_TO DO_
Please write out exactly the lines of the data below from the line holding "Funda de piel" through the line holding "وتُعدّ Brassée de", and leave out the rest.

_PROVIDED RECORDS_

..........

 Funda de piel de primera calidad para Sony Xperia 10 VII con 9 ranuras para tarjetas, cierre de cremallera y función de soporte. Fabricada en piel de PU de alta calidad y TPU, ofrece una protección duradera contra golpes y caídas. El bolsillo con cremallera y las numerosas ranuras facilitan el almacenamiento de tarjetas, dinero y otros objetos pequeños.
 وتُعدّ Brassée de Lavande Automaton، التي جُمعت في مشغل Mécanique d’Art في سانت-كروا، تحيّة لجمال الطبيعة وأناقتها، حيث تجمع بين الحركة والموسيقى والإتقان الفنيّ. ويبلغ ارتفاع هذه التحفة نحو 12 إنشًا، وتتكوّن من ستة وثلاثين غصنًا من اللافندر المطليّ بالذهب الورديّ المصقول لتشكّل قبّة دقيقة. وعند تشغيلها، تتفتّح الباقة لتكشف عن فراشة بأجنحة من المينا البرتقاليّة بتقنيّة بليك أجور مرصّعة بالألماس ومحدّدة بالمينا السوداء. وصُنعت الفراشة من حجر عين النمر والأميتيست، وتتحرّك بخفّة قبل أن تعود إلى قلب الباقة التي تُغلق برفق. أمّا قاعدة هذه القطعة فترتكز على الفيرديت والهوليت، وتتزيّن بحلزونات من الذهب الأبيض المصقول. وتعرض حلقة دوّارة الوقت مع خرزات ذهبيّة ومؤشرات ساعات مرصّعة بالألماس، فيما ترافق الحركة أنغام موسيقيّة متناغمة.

..........

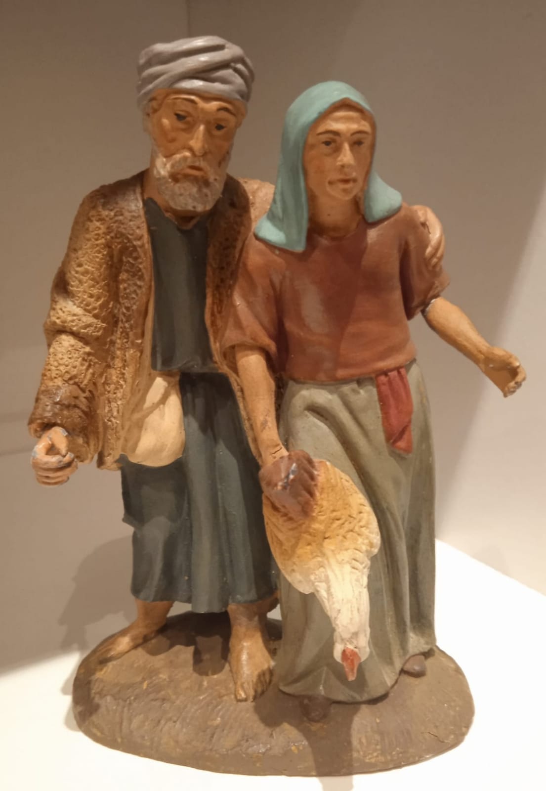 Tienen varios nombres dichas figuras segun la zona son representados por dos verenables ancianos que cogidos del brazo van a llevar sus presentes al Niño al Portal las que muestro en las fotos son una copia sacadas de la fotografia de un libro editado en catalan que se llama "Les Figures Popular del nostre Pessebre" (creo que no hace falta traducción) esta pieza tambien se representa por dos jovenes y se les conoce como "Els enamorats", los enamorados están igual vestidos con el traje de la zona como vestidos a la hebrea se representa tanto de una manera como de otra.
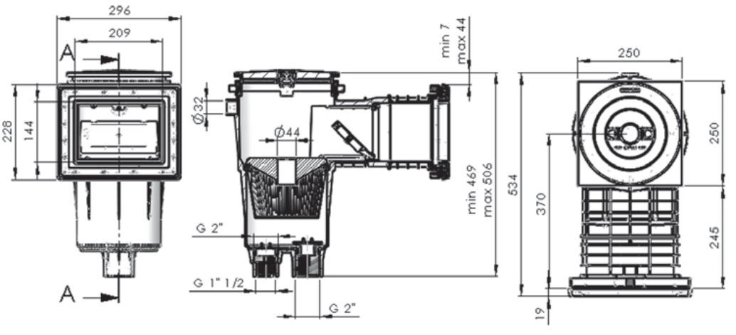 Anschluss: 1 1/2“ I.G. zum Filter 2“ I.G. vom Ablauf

..........

_REPLY TO THE EXERCISE_
 Funda de piel de primera calidad para Sony Xperia 10 VII con 9 ranuras para tarjetas, cierre de cremallera y función de soporte. Fabricada en piel de PU de alta calidad y TPU, ofrece una protección duradera contra golpes y caídas. El bolsillo con cremallera y las numerosas ranuras facilitan el almacenamiento de tarjetas, dinero y otros objetos pequeños.
 وتُعدّ Brassée de Lavande Automaton، التي جُمعت في مشغل Mécanique d’Art في سانت-كروا، تحيّة لجمال الطبيعة وأناقتها، حيث تجمع بين الحركة والموسيقى والإتقان الفنيّ. ويبلغ ارتفاع هذه التحفة نحو 12 إنشًا، وتتكوّن من ستة وثلاثين غصنًا من اللافندر المطليّ بالذهب الورديّ المصقول لتشكّل قبّة دقيقة. وعند تشغيلها، تتفتّح الباقة لتكشف عن فراشة بأجنحة من المينا البرتقاليّة بتقنيّة بليك أجور مرصّعة بالألماس ومحدّدة بالمينا السوداء. وصُنعت الفراشة من حجر عين النمر والأميتيست، وتتحرّك بخفّة قبل أن تعود إلى قلب الباقة التي تُغلق برفق. أمّا قاعدة هذه القطعة فترتكز على الفيرديت والهوليت، وتتزيّن بحلزونات من الذهب الأبيض المصقول. وتعرض حلقة دوّارة الوقت مع خرزات ذهبيّة ومؤشرات ساعات مرصّعة بالألماس، فيما ترافق الحركة أنغام موسيقيّة متناغمة.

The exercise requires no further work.